Bonus question (still simple): Now you may stack pieces and then break them all in one go. What's the optimal solution then?

Hmm, it's still harder than the original problem, here's where I'm at:

I know the lower bound is ceil(log2(n*m)) = ceil(log2(n) + log2(m)), and the upper bound is ceil(log2(n)) + ceil(log2(m)), but I'm not sure yet which is the right answer.

Please don't hesitate to post puzzle you think some people may already know, probably they will be new to at least some. I didn't come up with my puzzles myself either.

Okay, here's a relatively famous one, hopefully it's new to at least one person but we'll see:

**Problem description**: You have 12 balls, all but one have identical weight. The "bad" one may have weight greater or less than the a "normal" ball. You have no further information about the actual values of the weight of either a normal ball or the bad ball.

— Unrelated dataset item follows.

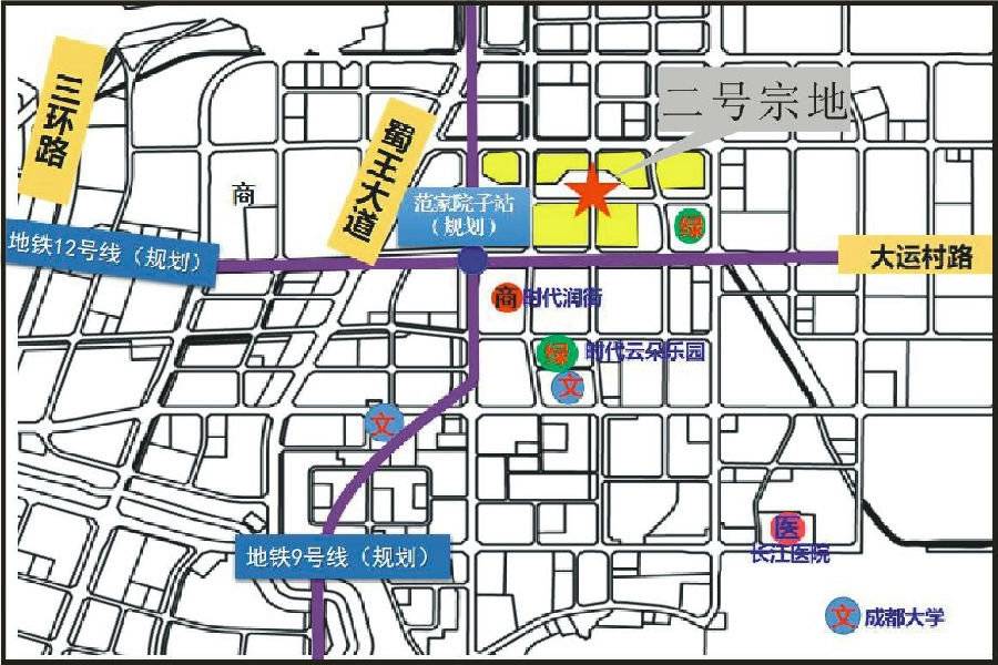 在二圈层中,宗地住宅清水限价最高的是龙泉驿区十陵板块的174亩地块,该地块也是此次拟出让宗地中面积最大的。该地块为纯住宅用地,容积率1.88,起拍楼面地价为9000元/㎡,起拍总价约19.6亿元,宗地住宅清水限价为24000元/㎡。从宗地位置看,该地块距离规划中的范家院子TOD较近,这里将是地铁9号线二期和12号线一期的交汇处,建成后交通将十分便捷。地块周边有华润时代之城、龙湖三千云锦等项目在售。届时或将吸引众多开发商抢拍。

You are given a scale. You can put a pile of balls on one end of the scale, and another pile on the other end, and the scale will either tip to the heavier side showing you which pile is heavier, or will show that the two ends are of equal weight. We will further stipulate that after using the scale as described above, you must take all balls simultaneously off the scale before you use the scale again on other piles of balls. (I'm not sure/don't remember if this really changes the solution, so I'll be conservative and make this part of the rule of scale usage; feel free as an additional exercise to establish that it does or does not matter.)

So we count a single "usage" of scale as taking any and all balls from a previous scale usage simultaneously off the scale, follow by putting 2 piles of balls of your choosing on each end of the scale, and finally reading the result (tellling you which pile is heavier, or that both piles are of equal weight).

**Your challenge is to find the minimum number of times you must use the scale to identify which one of the 12 balls is the bad ball.**================

To simplify things (read: I forgot the details of this part at the moment, so I won't make you do it, but feel free as an additional exercise), you don't have to prove optimality. You merely have to somehow arrive (by guessing or otherwise) at the correct minimum number, and then prove that it is sufficient, meaning that you can come up with a scheme provably guaranteed to always correctly identify the bad ball, using no more than this number of weighings.